09.06.2010 | Research

Analyse der Zinssensitivität von Immobilien-Investments

Anfang 2010 veröffentlichten Alain Chaney vom Informations- und Ausbildungszentrum für Immobilien in der Schweiz und Martin Hoesli von der Universität Genf eine Research-Arbeit über die Zinssensitivität von Immobilien-Investments. Mit ihrer Arbeit wollen die Autoren eine Hilfestellung zur Risikoeinschätzung von Immobilien geben, die bei institutionellen Investoren oft ein signifikanter Bestandteil der Asset Allocation sind. Sie verwenden einen Datensatz schweizerischer Immobilen und untersuchen die Auswirkungen von Änderungen in Schlüsselgrößen.
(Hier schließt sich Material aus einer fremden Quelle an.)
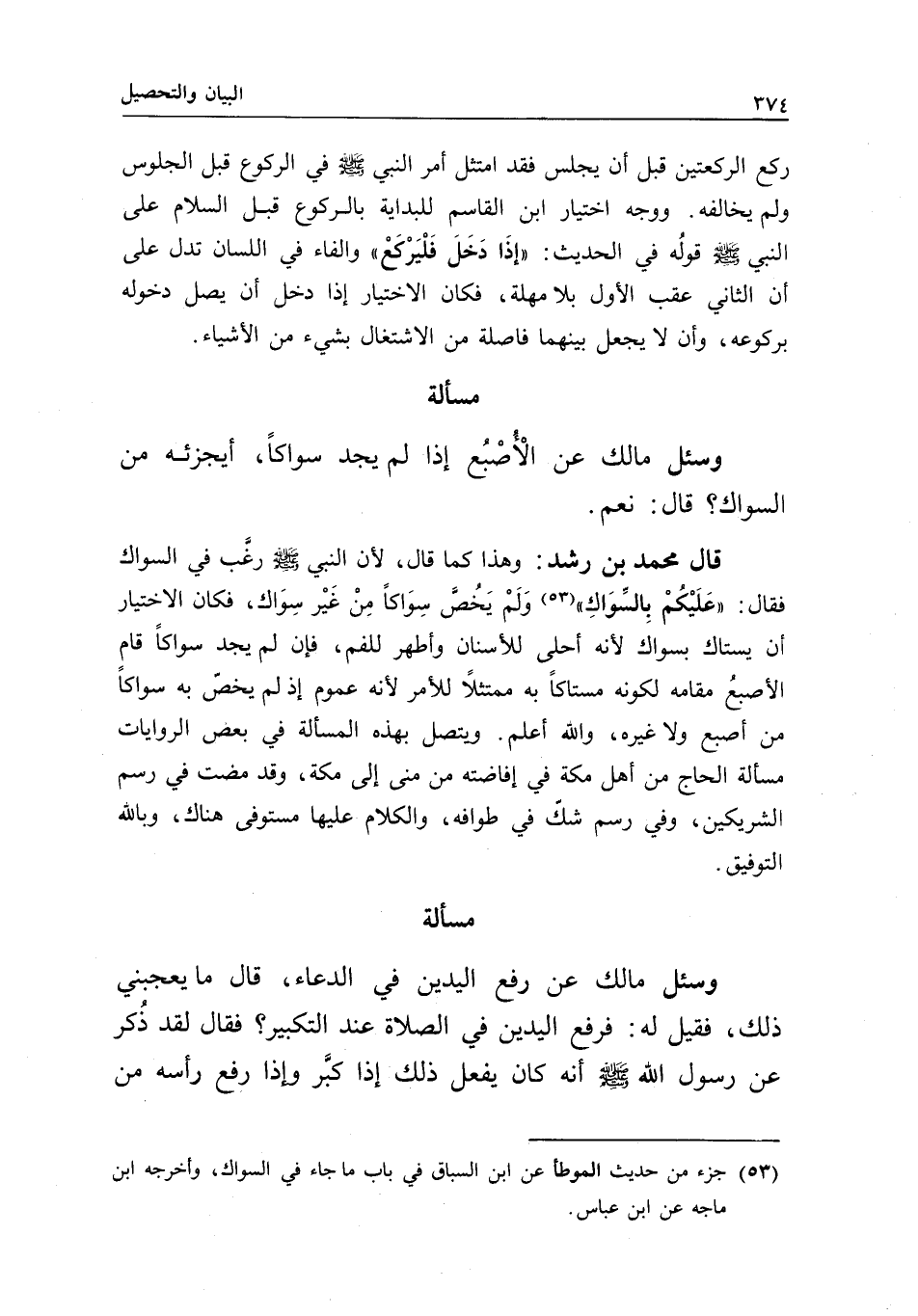 قال محمد بن رشد: وهذا كما قال؛ لأن النبي - صَلَّى اللَّهُ عَلَيْهِ وَسَلَّمَ - رغب في السواك فقال: «عليكم بالسواك» ولم يخص سواكا من غير سواك، فكان الاختيار أن يستاك بسواك لأنه أحلى للأسنان وأطهر للفم، فإن لم يجد سواكا قام الأصبع مقامه لكونه مستاكا به ممتثلا للأمر لأنه عموم إذ لم يخص به سواكا من أصبع ولا غيره، والله أعلم.
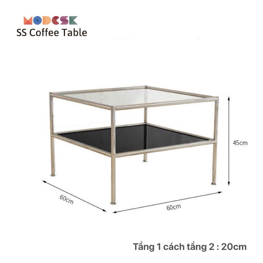 Giới thiệu Bàn sofa vuông - trà Modesk SS Coffee Table inox 304 – kính cường - ván MFC [phòng khách - quán cafe]
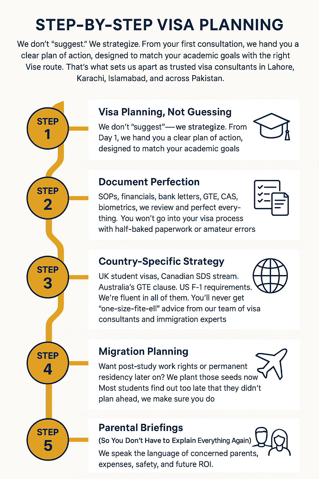 At GradLink, we don’t leave anything to chance. We’re study abroad consultants and immigration experts who’ve guided hundreds of Pakistani students, just like you, from confusion to visa approval with a proven, battle-tested process.

Quelle: Chaney, Hoesli (2010)

Die Autoren kommen zu dem Ergebnis, dass eine klassische Durationsanalyse zur Ermittlung der Zinssensitivität von Immobilien-Investments nicht geeignet ist. Die Durationsanalyse führe zu einer Überschätzung der Zinssensitivität, da Immobilien über einen sog. "Self-Hedge" verfügen. Eine Zinsänderung führe ebenfalls zu einer konträren Änderung in den Free Cash Flows, die die Zinsänderung aufhebt. Die wichtigsten Determinanten der Duration von Immobilien scheinen die Risikoprämie, das makroökonomische Umfeld, der Grad des Wechsels der Zinskurve und die Restlebensdauer der Immobilie zu sein. Chaney und Hoesli verweisen allerdings darauf, dass eine Zinsänderung trotz Zinsabsicherung indirekt zu einem Ausfall eines Immobilieninvestments führen könne, z.B. wenn ein makroökonomischer Schock durch die Zinsänderung ausgelöst wird.